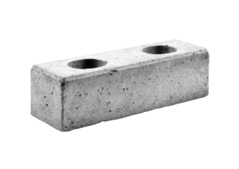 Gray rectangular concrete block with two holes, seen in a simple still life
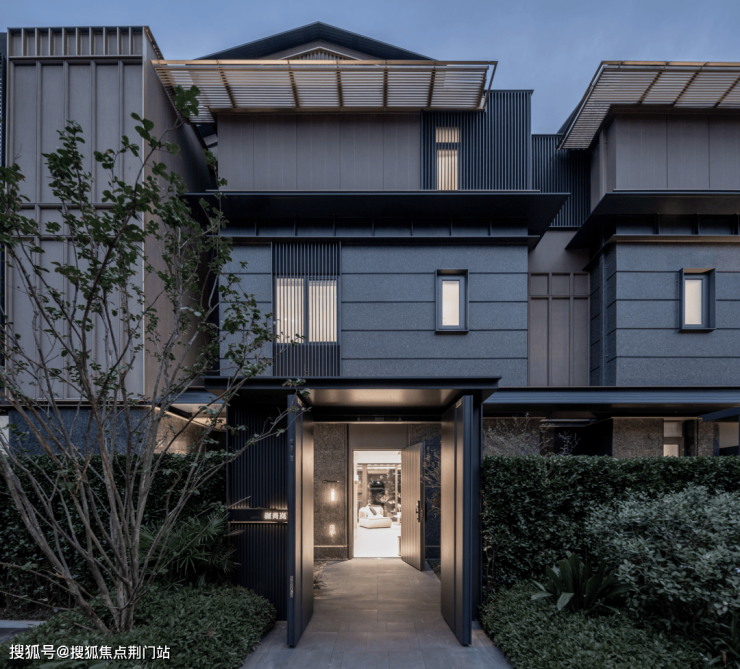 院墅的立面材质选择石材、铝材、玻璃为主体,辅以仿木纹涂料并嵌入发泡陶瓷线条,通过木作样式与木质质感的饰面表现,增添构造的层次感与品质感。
· · · · · · ·
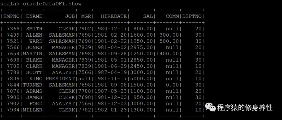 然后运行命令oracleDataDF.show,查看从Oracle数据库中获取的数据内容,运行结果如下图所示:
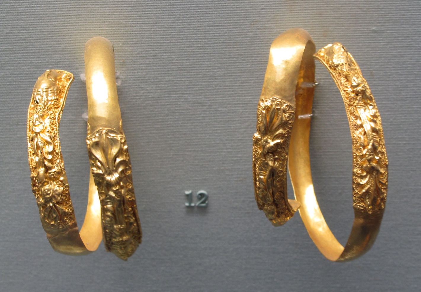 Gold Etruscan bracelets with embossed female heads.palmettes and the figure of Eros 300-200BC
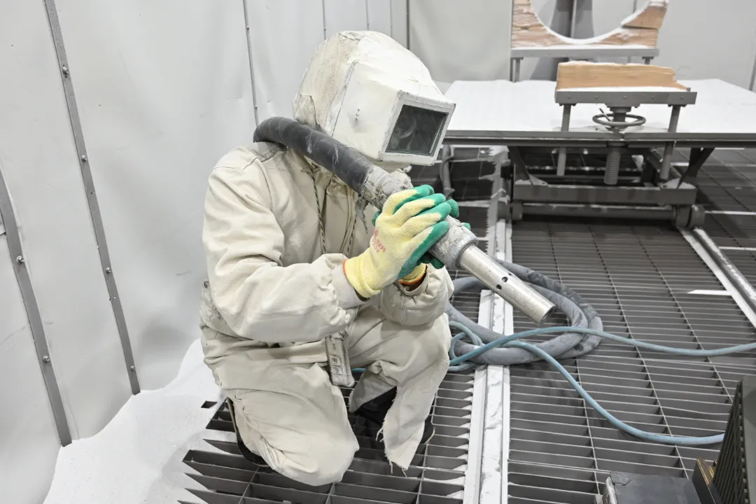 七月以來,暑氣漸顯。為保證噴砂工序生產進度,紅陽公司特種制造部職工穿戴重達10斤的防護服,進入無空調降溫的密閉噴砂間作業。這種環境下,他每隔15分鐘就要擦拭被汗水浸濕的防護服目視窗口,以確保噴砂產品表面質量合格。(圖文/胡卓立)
· · · · · · ·
Work to be completed: Look through the material above. Transcribe exactly the lines between the ones with "Gray rectangular concrete" and "院墅的立面材质选择石材、铝材", inclusive, and keep pictures out.

Solved exercise:
 Gray rectangular concrete block with two holes, seen in a simple still life
 院墅的立面材质选择石材、铝材、玻璃为主体,辅以仿木纹涂料并嵌入发泡陶瓷线条,通过木作样式与木质质感的饰面表现,增添构造的层次感与品质感。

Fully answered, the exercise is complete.